Mobilités

[Test] Le Vélo Mad Le Sport : le VAE abordable, efficace et facile

BANNER 4 2

Quand en plein confinement tu reçois un communiqué de presse pour l’essai du vélo à assistance électrique (VAE) Le Sport par Le Vélo Mad, tu n’hésites pas une seconde : tu fonces.

Et quand tu montes en selle après 2 mois enfermé, tu te sens pousser des ailes : c’est simple, ça va vite, ça te donne l’impression que tu ne passes pas assez de temps à aller d’un point A à un point B. Et c’est probablement la plus belle réussite du Sport : casser les certitudes sur les inconvénients du vélo comme moyen de transport quotidien.

Mais commençons par le commencement et découvrons ensemble Le Vélo Mad in France et ses propositions de VAE…pensé, conçu et assemblé en France.

Design : Le Bon, la Brute et le Truand

Le Vélo Mad

“Beau”, “Design”, “Superbe”, “Stylé”, “Racé”, “Réussi”… Florilège de compliments pour décrire le Sport pendant ma semaine en sa compagnie.
Et c’est vrai qu’au premier coup d’œil le Sport est très flatteur : poignées et selle en cuir Brooks haut de gamme (Slender et B17 Carved), pneus bi-tons, choix de coloris sobre mais classe, on sent que la partie esthétique n’a pas été laissée pour compte. La peinture sur le cadre est de très bonne qualité et ne semble pas trop sensible aux rayures.

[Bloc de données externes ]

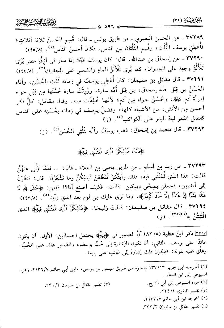 ٣٧٢٩٤ - قال مقاتل بن سليمان: قالتْ زليخا: {فذلكن الذي لمتنني فيه} الذي افْتُتِنتُنَّ به (¬٦) [٣٣٥٧]. (ز)

Petit point d’attention pour la sellerie cuir : évitez autant que possible de le laisser sous la pluie, le cuir n’aime pas ça. Il s’agit d’un matériaux haut de gamme qu’il convient d’entretenir (à raison d’une ou deux fois par an) pour garder le toucher agréable et l’aspect premium.

En y regardant de plus près, on peut regretter des jointures de cadre un peu grossières mais aussi et surtout des câbles dans tous les sens devant le guidon. Si une gaine est bien utilisée sur le modèle 2020, on aurait aimé un peu plus de soin sur cette partie. Alors certes il y a beaucoup plus de câbles qui doivent passer par là que sur le Cowboy par exemple mais ça reste dommage et vient un peu casser la fluidité du design. Mais dans l’ensemble, le Sport est une vraie réussite sur le plan esthétique. A noter que les différences entre le Sport et l’Urbain sont dans la forme du cadre, plus typée… sport sur le premier, et du guidon, droit pour celui-ci et plus courbé sur l’Urbain.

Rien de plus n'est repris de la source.